Note: the following description might seem a bit overwhelming at first. Try to read all of it, then study the examples in the images; the visual representations are very helpful.

Since each input is an array of length $k$, we can think of them as points in $k$-dimensional space (the $x$-coordinate corresponds to index 0, the $y$-coordinate to index 1, and so on). A decision stump classifies a point based on only a single coordinate. For example, $x \leq 4$ is a decision stump that labels all points with $x$-coordinate at most $4$ as 0 and all other points as 1. Geometrically, a decision stump corresponds to a hyperplane perpendicular to one of the axes: all points on one side are labeled 0 and points on the other side are labeled 1.

Three decision stumps (click to enlarge)

We use three integers to describe a decision stump: a dimension predictor $d_p$ (an integer between $0$ and $k - 1$, selecting the coordinate to partition), a value predictor $v_p$ (a non-negative integer, where the partition occurs), and a sign predictor $s_p$ (either $0$ or $1$, choosing which side of the partition gets which label). Formally, a decision stump with these parameters labels a $k$-dimensional input point $\textsf{sample}$ as follows:

If $s_p = 0$: predict 0 if $\textsf{sample}[d_p] \leq v_p$, and 1 otherwise.
If $s_p = 1$: predict 1 if $\textsf{sample}[d_p] \leq v_p$, and 0 otherwise.

The images below show an example with $n = 8$ inputs of dimension $k = 2$, where dimensions 0 and 1 correspond to the $x$- and $y$-axes. Blue squares are label 0 and red circles are label 1. The line splits dimension $d_p = 1$ at coordinate $v_p = 4$: since $s_p = 1$, points above the line ($y$-coordinate larger than $4$) are labeled 0, and points at or below the line ($y$-coordinate at most $4$) are labeled 1.

Points on a grid and weak learner predictor ($n = 8$, $k = 2$) (click to enlarge)

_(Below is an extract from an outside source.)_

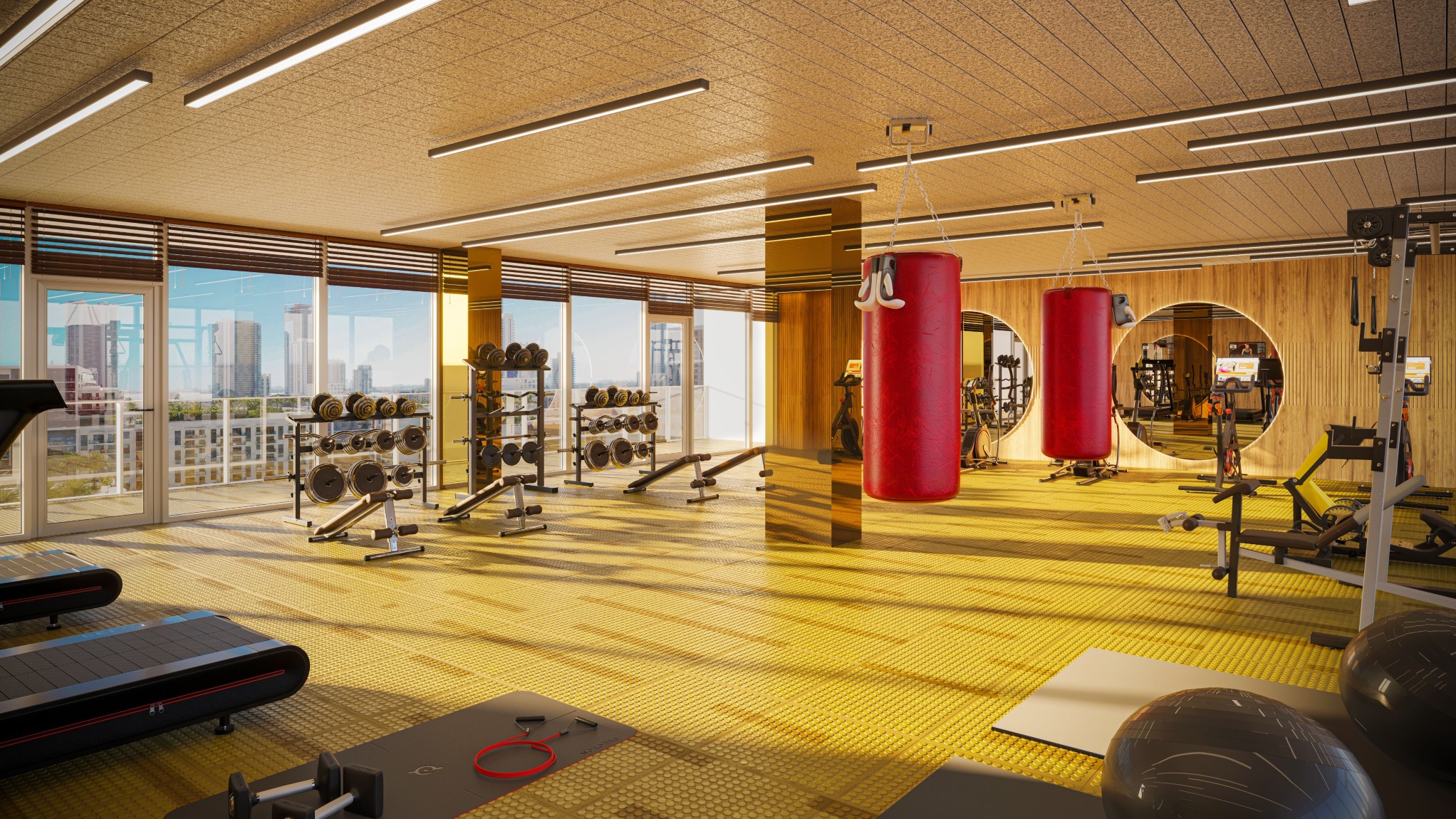 - Gimnasio de última generación totalmente equipado, terraza de yoga al aire libre, estudio de yoga y meditación en el interior, saunas de infrarrojos y cancha de pickle ball

Your goal is to find the decision stump that best represents the input data (this step is called training the model). That is, find the values of $d_p$, $v_p$, and $s_p$ that maximize the total weight of correctly classified inputs (the sum of the weights of inputs whose predicted label matches the value in labels[]).

If all points have weight $1$ in the example above, the weight of correctly classified inputs is $6$ (all points are correct except for one blue square and one red circle). Since no other decision stump mislabels fewer than 2 points, this is the optimal stump.

The WeakLearner data type

Implement an immutable data type WeakLearner with the following API:

public class WeakLearner {

    // train the weak learner
    public WeakLearner(int[][] input, double[] weights, int[] labels)

    // return the prediction of the learner for a new sample
    public int predict(int[] sample)

    // return the dimension the learner uses to separate the data
    public int dimensionPredictor()

    // return the value the learner uses to separate the data
    public int valuePredictor()

    // return the sign the learner uses to separate the data
    public int signPredictor()

    // unit testing
    public static void main(String[] args)
}

WeakLearner Requirements

WeakLearner(int[][] input, double[] weights, int[] labels)

Behavior: Train the weak learner by finding the optimal decision stump for the given input, weights, and labels.
Corner case: Throw IllegalArgumentException if any argument is null, the lengths of input[][], weights[], and labels[] are incompatible, the length of input[][] is zero or any element has zero length, the values of weights[] are not all non-negative, or the values of labels[] are not all either 0 or 1.
Performance: $O(kn \log n)$ time.

predict(int[] sample)

Behavior: Return the prediction (0 or 1) for the given sample.
Corner case: Throw IllegalArgumentException if the argument is null or has incompatible length.
Performance: Constant time.

dimensionPredictor(), valuePredictor(), signPredictor()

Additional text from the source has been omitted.